Are You Measuring Your Success With ‘Vanity Metrics’?

The importance of measuring the right thing…

Tom Littler
Jan 20, 2021

In my 9–5, I work as a Product Manager at a tech startup. My job is to make sure that the right stuff gets built, at the right time.

One of the key responsibilities of the job is to measure whether the newest feature you’ve just built was a success or not, to understand this we often turn to metrics. For example, if I’m a PM at Spotify and I just released the ‘Wrapped’ feature, I’d probably measure the success by how many people had shared their year in review.

When using metrics such as this to assess how well a feature has performed we have to be wary of something we call ‘vanity metrics’.

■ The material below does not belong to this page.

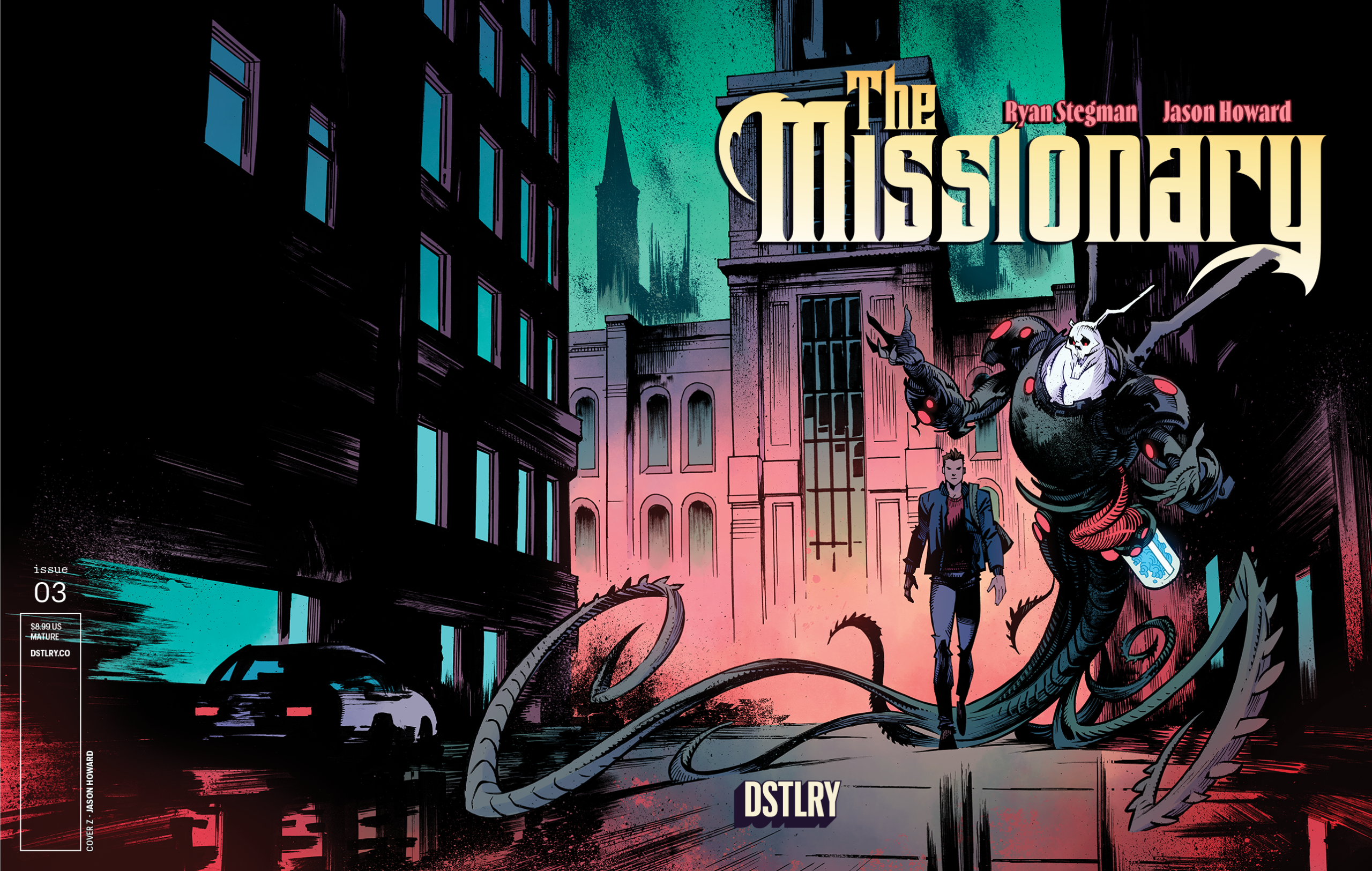 THE MISSIONARY #3 features colors by Tamra Bonvillain and letters by Shawn Lee. To learn more or purchase directly from DSTLRY, visit: https://dstlry.co/products/the-missionary-3-howard-cover-a
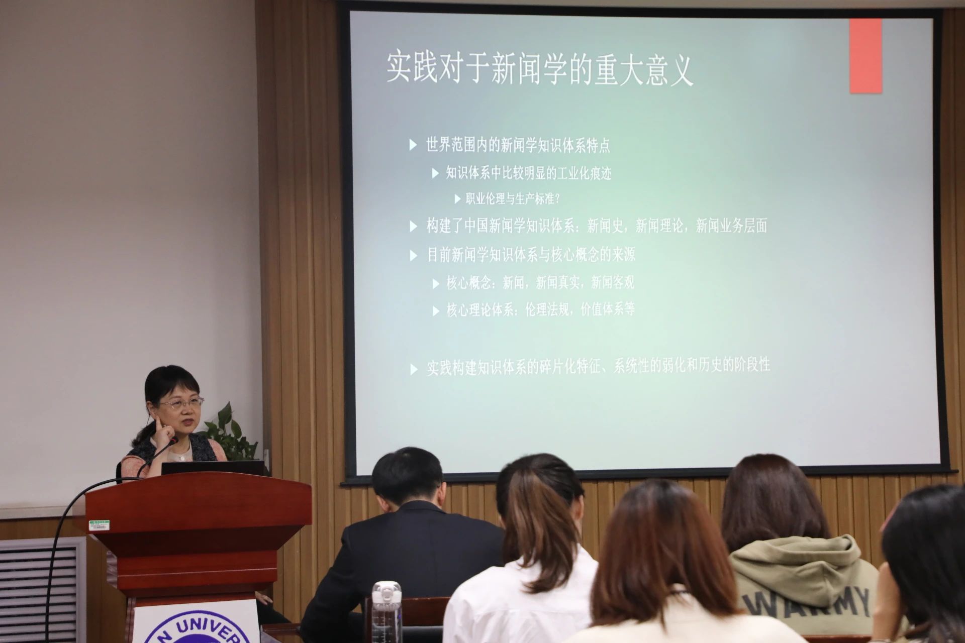王润泽教授从“新闻传播学的知识与知识体系”这一话题展开论述,指出可以从哲学、理论、历史三个维度理解实践,认为实践具有客观性、能动性和社会历史性的基本特征,进而分析实践对于新闻学的重大意义。在“实践转向中的新闻学知识体系创新”这一命题中,王润泽认为新闻理论的创新是核心,这需要当代研究者提出更多回应时代需要的研究问题。

Vanity metrics are metrics that give the impression of success but don’t actually speak to business success. They don’t help you understand your performance, so can’t be used for deciding on future strategies.

To make the point, here’s a couple of classic examples of vanity metrics:

  1. Pageviews on a blog. This metric doesn’t tell you anything, people could be finding your blog and then bounce straight away. It’s a vanity metric. Read time would be a better measure of success for a blog post.
  2. Instagram followers. Again, what does this metric really tell you? If the point of your Instagram is to grow a following of engaged fans, then follower count on its own is quite a poor metric. What you should be measuring is the engagement of your posts, how many people are commenting, liking, sharing?

Vanity metrics in your personal life

But this isn’t a newsletter for marketers or product managers, it’s for people who are interested in being more productive, so why am I harping on about vanity metrics? It’s simple:

I’ve noticed how many vanity metrics I use to judge my own success or productivity. From how many books I’ve read, to how many minutes I spend meditating. I’m measuring shit that doesn’t matter. And if you continue to measure success by shit that doesn’t matter you’re going to start optimising for the wrong things.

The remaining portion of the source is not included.